For the next two days, Simmons and Parks will have a chance to review the playbook and get up to speed with the rest of the rookies, who reported Monday. That two-day head start is a "big help," Parks said.

Come Thursday morning, however, they'll truly begin to pursue roster spots and, ultimately, playing time.

At the beginning of camp, Simmons said he expects to learn the specifics of a single safety position, but Defensive Backs Coach Joe Woods and Assistant Secondary Coach Samson Brown will likely prepare Simmons to handle dime and nickel responsibilities, as well.

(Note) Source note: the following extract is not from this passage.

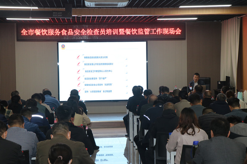 為進(jìn)一步豐富餐飲服務(wù)食品安全檢查員業(yè)務(wù)知識,提升全市餐飲環(huán)節(jié)食品安全監(jiān)管水平,棗莊市市場監(jiān)督管理局根據(jù)2023年餐飲監(jiān)管工作計劃,于11月8日,在臺兒莊古城學(xué)校召開全市餐飲監(jiān)管工作暨餐飲服務(wù)食品安全檢查員培訓(xùn)會議,市、區(qū)兩級局分管局長、餐飲科全體人員、全市餐飲服務(wù)食品安全檢查員參加。會議由市市場監(jiān)管局副局長張衍耀主持;臺兒莊區(qū)委常委、副區(qū)長孫作偉致辭,并介紹建設(shè)“食安臺兒莊”的經(jīng)驗(yàn)和做法;山東省市場監(jiān)管局餐飲處一級調(diào)研員遲玉聚博士,作《深刻學(xué)習(xí)領(lǐng)會習(xí)近平總書記重要論述精神努力守住食品安全底線》主題報告。
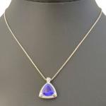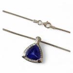 COLLIER chaine en or gris retenant un pendentif serti d'une tanzanite troïda pesant environ 7 carats et petits diamants Poids: 13.5 g, long chaine 44 cm

The third-round pick out of Boston College enjoyed the weeks between OTAs and training camp in Florida, but Simmons said he didn't spend much time away from football. Simmons could see serious playing time in 2016, and he knows the opportunity won't wait for him.


"That's the goal—to come in and play," Simmons said. "It's not college. You don't redshirt. You don't just get to take a year and see how things work. It's a job now. You've got to come in and compete for those spots. If you're not (competing), the guy behind you is. That's definitely the goal to make sure I get out there by any means necessary."

Parks, too, recognizes the immediacy of the moment. He spent much of his offseason in Denver, and – between volunteering at local community events – he made sure to devote time to studying his playbook on his iPad. The study wasn't exhaustive, but Parks would go over base coverages to make sure he stayed sharp.

As he approaches training camp, he said he realizes that success relies upon "more than football." In addition to watching tape and performing on the field, he said the veterans in the group have taught him the value of timeliness and respect.

But the coaching staff and veterans in the secondary have also helped Parks and Simmons hone their on-field skills. They've pushed the two rookies to improve upon their fundamentals, including tackling and breaking toward the ball. Parks said Ward has pointed out mistakes in footwork that could be the difference between a blown coverage and a big play.

"[I've been] just listening to those guys," Parks said, "and it shows when they take the right step [and] that play is a pick-six or it's an interception. Learning-wise, [I'm] just picking up from those guys and putting it to my skill set."

Parks – understandably – said he feels a bit anxious about his first training camp with the Super Bowl champions. The best way to relieve that stress and guarantee a spot on the team, however, might be via special teams. As important as the nickel and dime roles are to Denver's defense, Simmons said Monday he feels the same desire to perform well for Special Teams Coordinator Joe DeCamillis' unit.

"I'm expecting that to be the launching pad into the Broncos organization," Simmons said. "You do so much as a defensive player, but to be able to add that special teams part to your resume and to be able to actually commit and make plays in that area of the game, that'll help you to be able to stick around for a long time."

That process will officially begin on Thursday, when Simmons and Parks join the "No Fly Zone" and rush toward the 2016 season.

The learning curve will be steep. The reps will be quick. The expectations will be high.

And Simmons and Parks couldn't be more ready.